Petrol-heads might find this emphasis on the interior decor all too Ikea. What about the drive? What about the looks? On the latter count, for my money the XC90 is reassuringly big without feeling cumbersome and, in being less cluttered, is more handsome than, say, the VW Toureg or Audi Q7. But, being Swedish – a fact Volvo is at pains to stress, having stitched a little flag into the seam of a seat – there is nothing shouty about it. The drive, meanwhile, is assured, with the acceleration in ‘Dynamic’ mode scary enough to make the dog whimper and two small boys stop trying to hit each other.

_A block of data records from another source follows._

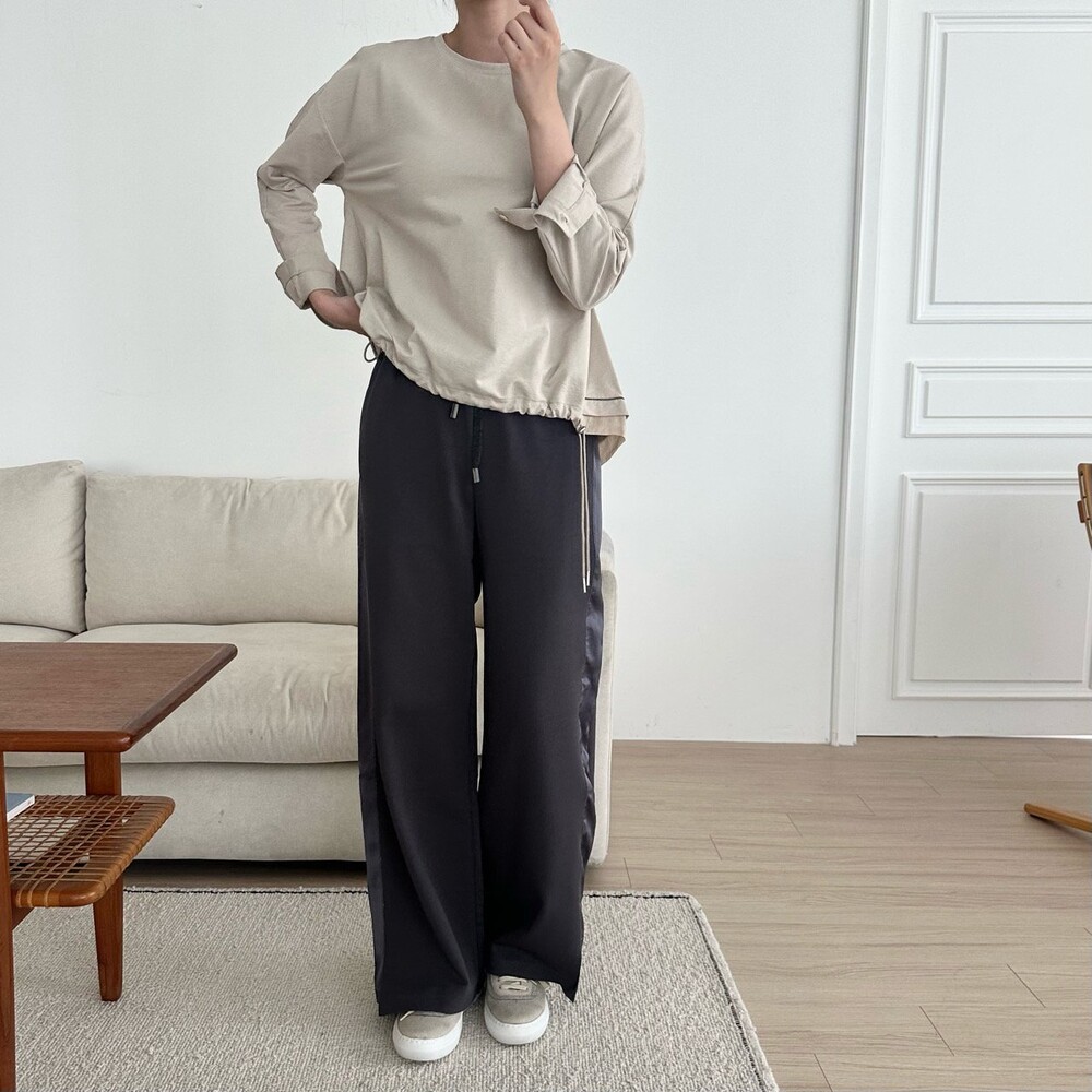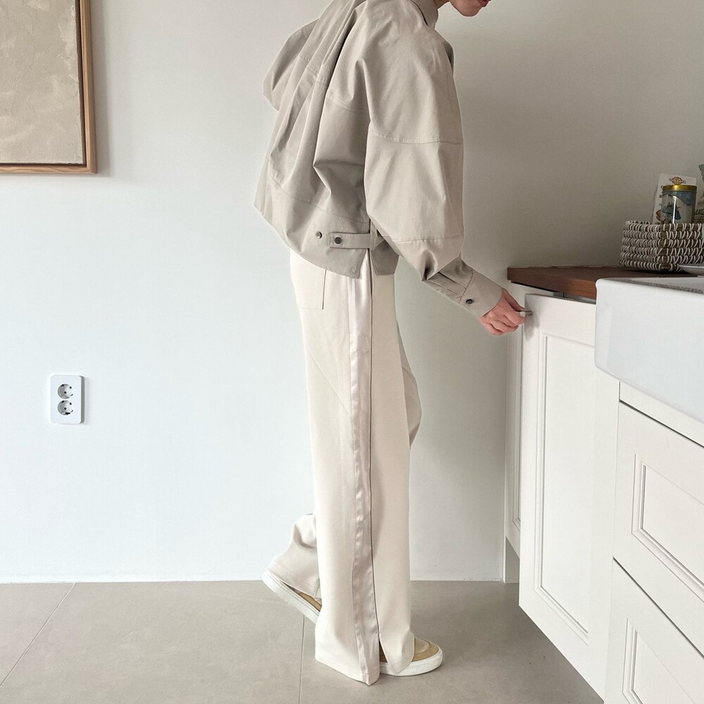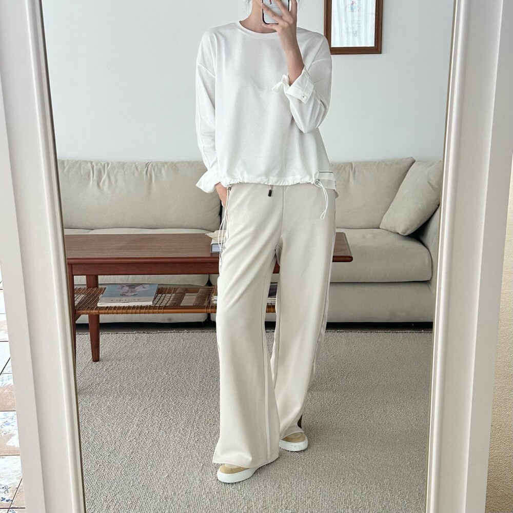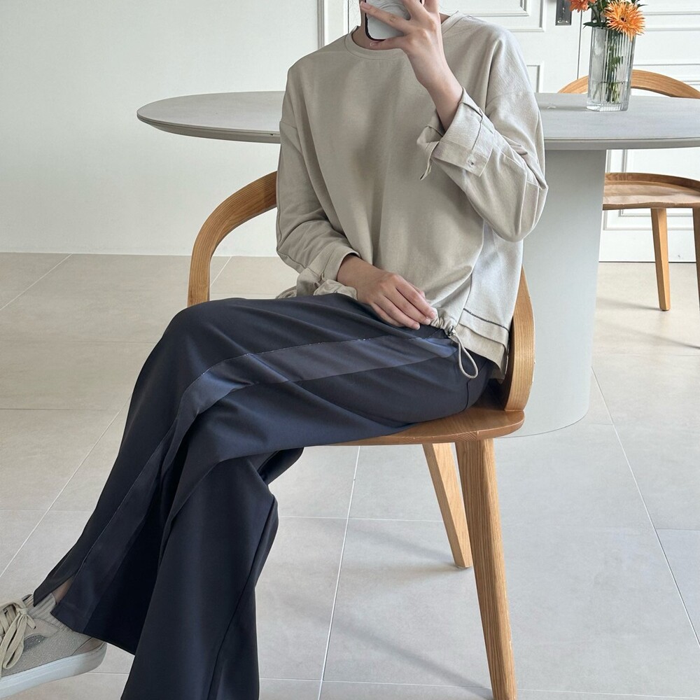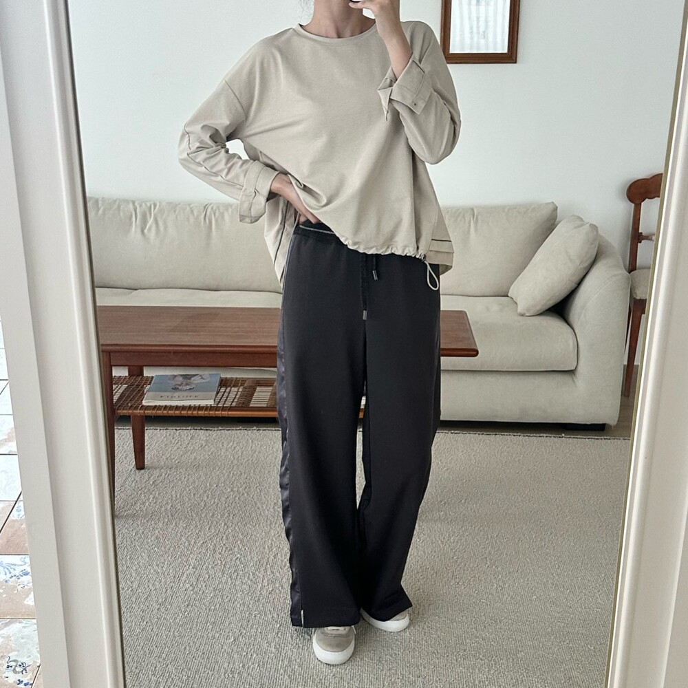 시각적인 포인트를 더한 팬츠예요.
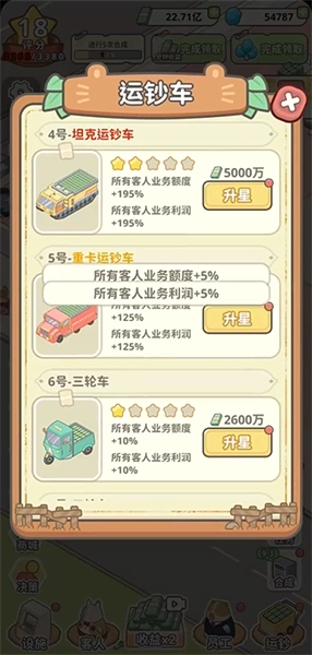 2、升级建设钱庄,吸引新的顾客前来。
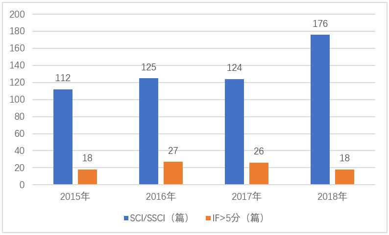 2016-2018年间,学院发表SCI论文数和高水平论文(IF>5分)均呈现增量趋势(见图2)。
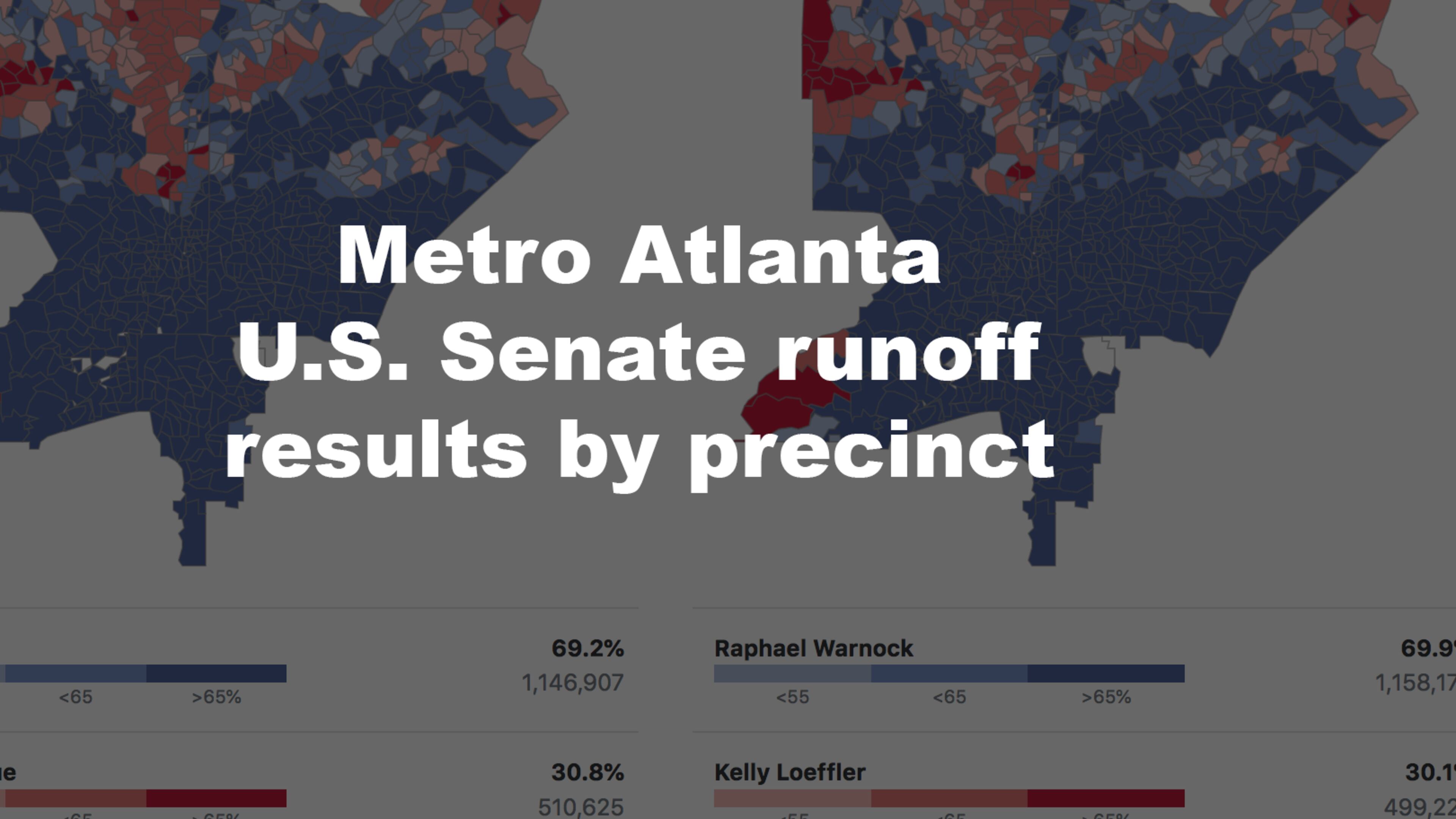 Explore how Metro Atlanta voted in Georgia's Jan. 5, 2021 U.S. Senate runoffs. Precincts are colored by the candidate who received the most votes. Tap a precinct for detailed results. County results maps | AJC election results | Latest election news
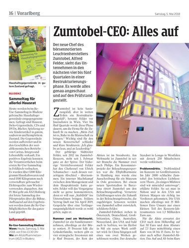 Der neue Chef des börsennotierten Leuchtenherstellers Zumtobel, Alfred Felder, sieht das Unternehmen in den nächsten vier bis fünf Quartalen in einer Restrukturierungsphase. Es werde alles genau angeschaut und auf den Prüfstand gestellt.
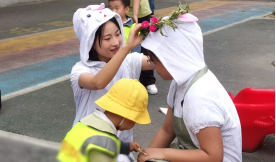 活动全程,托育专业的志愿者们充分发挥专业优势,将儿童发展心理学、幼儿教育学等理论知识融入活动各环节。在“巧手制作”环节,志愿者会向家长讲解如何通过手工锻炼孩子的精细动作;在“运动闯关”环节,结合不同年龄段孩子的运动发展特点,指导家长科学陪伴孩子运动。不少家长表示,此次活动不仅让孩子收获了快乐与成长,也为自己提供了实用的育儿指导。“以前带孩子参加活动,只是觉得热闹,这次不一样,志愿者会教我们怎么通过游戏培养孩子的能力,比如在‘数字通关’时,志愿者告诉我们可以用生活中的物品帮孩子认数字,特别实用。”市中区家长刘女士说道。对于志愿团成员而言,此次“三下乡”活动也是一次宝贵的实践历练。志愿团负责人方同学表示:“在‘雨天’主题日的绘本环节,有个孩子注意力不集中,我用课堂上学的‘情景引导法’,让他扮演故事里的小动物,很快就吸引了他的注意力,这种将理论转化为实践的过程,让我对专业知识有了更深的理解。”
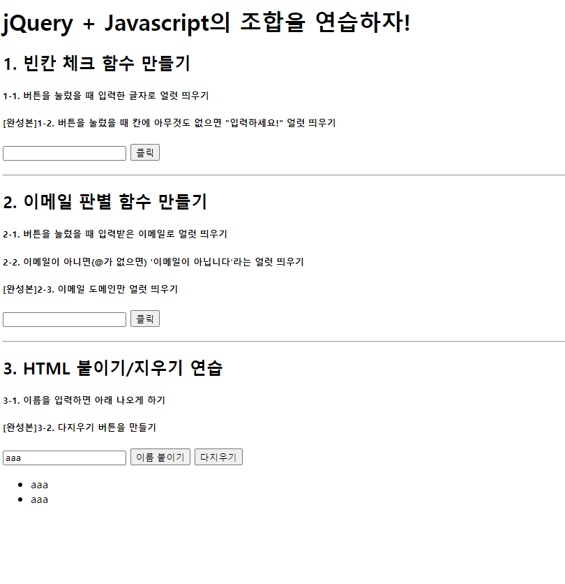 <h1>jQuery + Javascript의 조합을 연습하자!</h1>
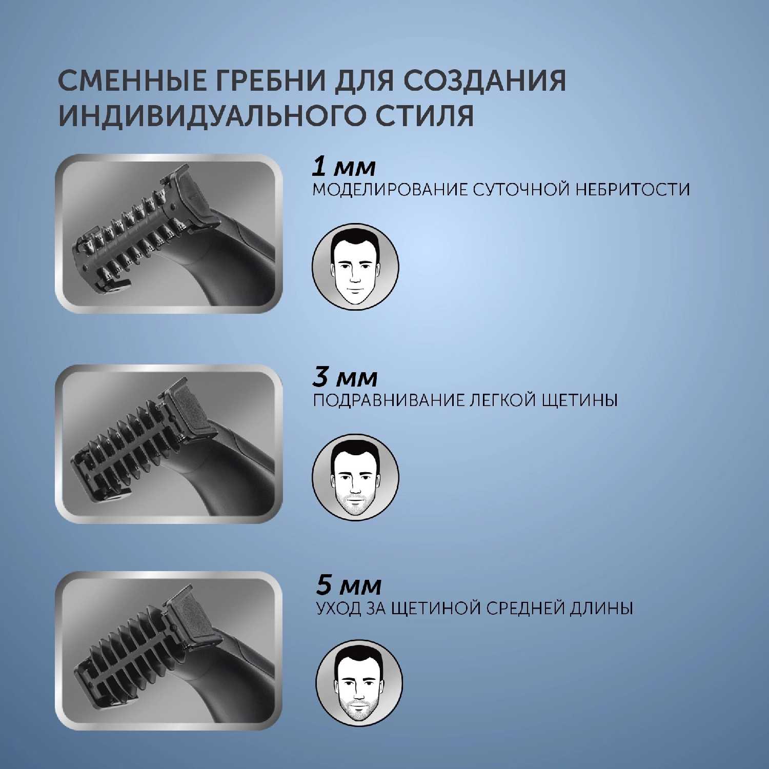 - регулировка длины стрижки: смена насадок
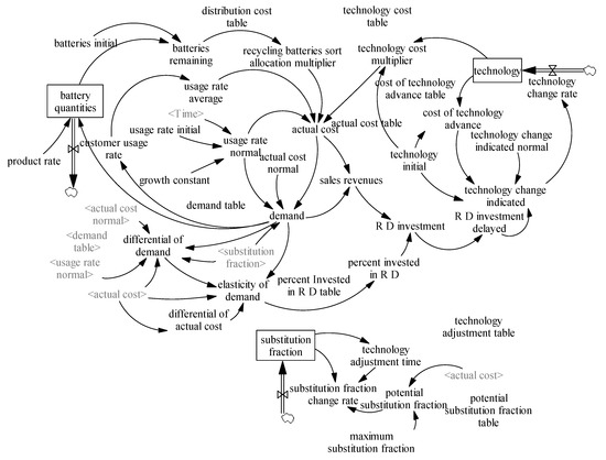 However, most studies on the input supply chain structure are static analyses and do not reflect the passive battery consumption situation. Conducting research on a recycling subject and the incentives of an enterprise strategy is difficult. As a dynamic company behaviour with multiple subjects, diverse influencing factors and complex relationships, battery recycling must adopt the system dynamics method to accurately reflect the specific battery recycling process. System dynamics is often used in business decision making, waste management, industrial engineering management and other fields. It can effectively address the effect of policy implementation and the nonlinear structure of realistic assumptions. Moreover, system dynamics can understand the complex relationships among different elements from a holistic perspective, predict dynamic feedback from historical dimensions and make predictions using model boundary, structure, and parameter adjustments to optimise a model. From the overall perspective of a company, the system dynamics research method is an effective way to resolve the system driving problem as a whole. Previously, scholars used system dynamics to study the recycling of waste power batteries. Hou constructed a system dynamics model for added electric vehicle amounts based on an analysis on the relationship between power batteries and electric vehicles. The author predicted the addition of electric vehicles in the future and calculated the new power battery increment [27]. Wang Lili analysed the internal recycling and remanufacturing behaviours of companies in the used battery reverse supply chain system and employed system dynamics and cognitive behaviour theory based on planning behaviour theory to examine the impact of relevant social factors on consumers’ acceptance of remanufactured batteries. In addition, the author analyzes it from the perspective of consumer behaviour and drew on the strategies of companies’ recycling and remanufacturing capacity in different situations. Meanwhile, the government and battery companies should encourage and guide consumers to use remanufactured batteries in the early stage [28]. However, the present study focuses on choices from the consumer side and does not comprehensively examine the overall perspective of a company. With technological innovation creating recycling innovation and product replacements, the power battery processing and reuse process has improved. Companies’ recycling and reprocessing of waste power batteries involve a complex, dynamic, and nonlinear process. Moreover, revealing the internal laws and influences of factor changes on the overall model using a conventional analysis method is difficult. Based on this assessment, this study uses the system dynamics method to analyse these complex processes and their impact and department system internal factor mechanism operations.
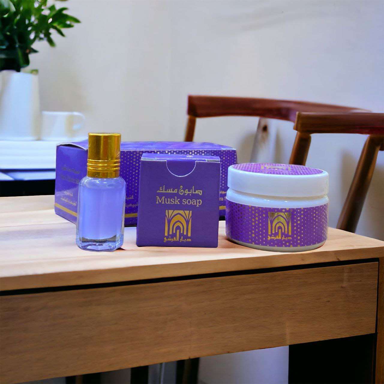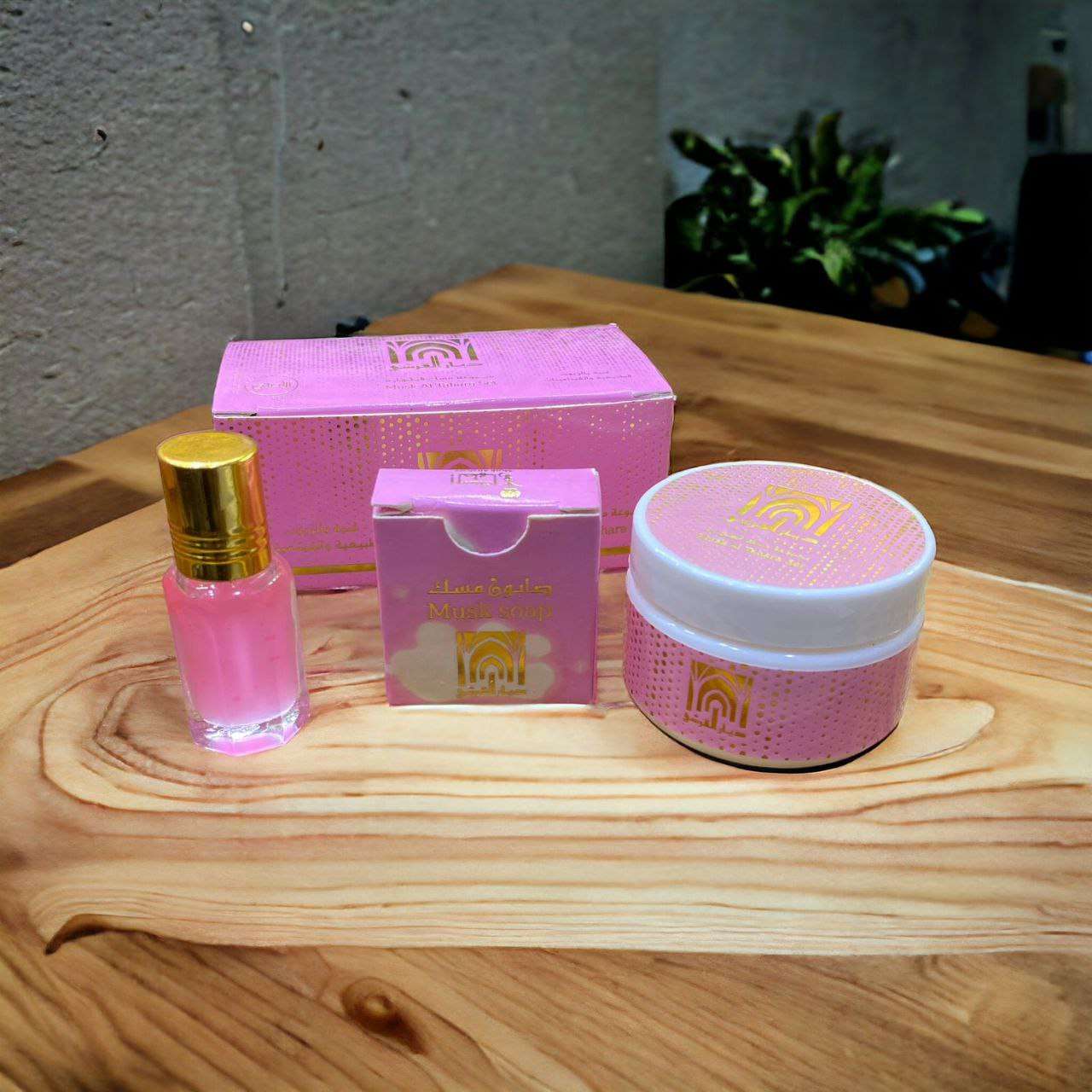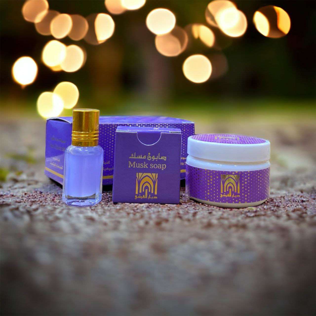 تعالووووو شووفو 😉 ريحتها بتجنن مجموعه مسك الطهارة 😘😘لو انتي متجوزه لازم تجربيها ولو عروسه وبتجهزي لازم تكون في شوارك مجموعه مسك الطهاره ديار القرشي مكونه من المسك + الكريم + الصابونه * تعمل
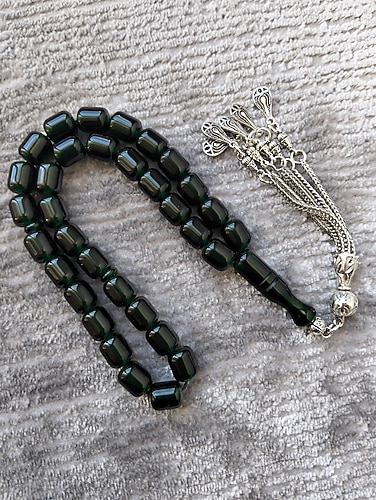 Koyu yeşil tonlarda, cennet yeşili koyulukta duruş olarak kallavi bir tonda, el boy olup gündelik çekim için ideal orjinal Sıkma Kehribar,10*8 mm ölçülerinde,kararma yapmaz gümüş kaplama püskül ile hatasız bir eser, alanın elinden bırakmayacagi şıkır şıkır ürün.
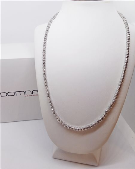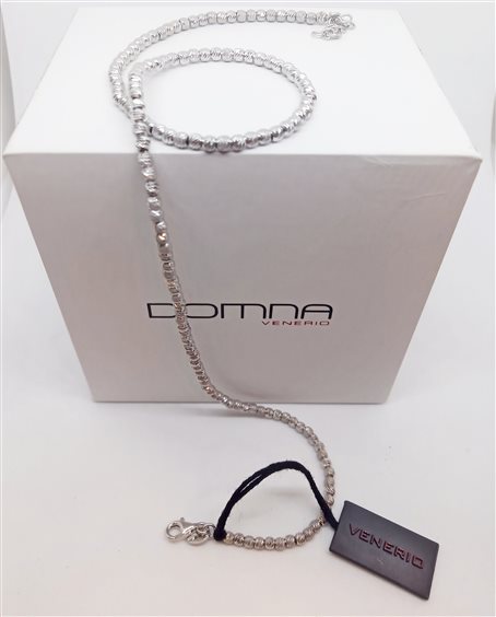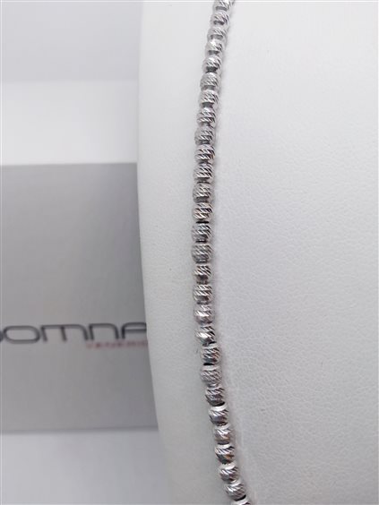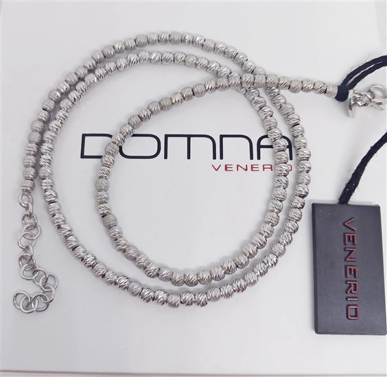 VENERIO ARGENTO Girocollo sfere diamantate infilate su cavetto in argento 925 rodiato. Chiusura con anello moschettone, prolunga 3 cm. Gioiello anallergico, nichel free. Disponibile sullo shop bracciale coordinato.

That, naturally, is set within the confines of every safety gadget imaginable: among a couple of world firsts are warnings if you get too close, too fast, too much to one side of the road or the other, if you’re too slow to brake and probably if you get too inclined to show off or start talking about your salary. The Swedes, after all, don’t do conspicuous anything, let alone consumption. It is saying something that Volvo claims this is the safest Volvo ever built. Drive through a narrow traffic calming measure and the cabin goes into sensor frenzy red alert. But that, however, is as loud as the XC90 is ever likely to get. Take it easy man, the car is saying. Think of your children.

That is, of course, not for everyone. Integrity and simplicity are not touchstones that all drivers want to judge their ride by. Truth is that they seem pretty boring in a world that still lauds vehicles primarily on their ability to rocket between the gaps in stand-still traffic. But then these qualities are also in short supply, in life as in cars. That realisation perhaps says it all. Maybe I have finally reached that time of life when function just counts for so much more than flash. Maybe I have to make what feels like a kind of confession. This is a Volvo – and I want one very very badly.

The Volvo XC90 is available in Hong Kong with a starting price of HK$719,800 (promotional price HK$679,800).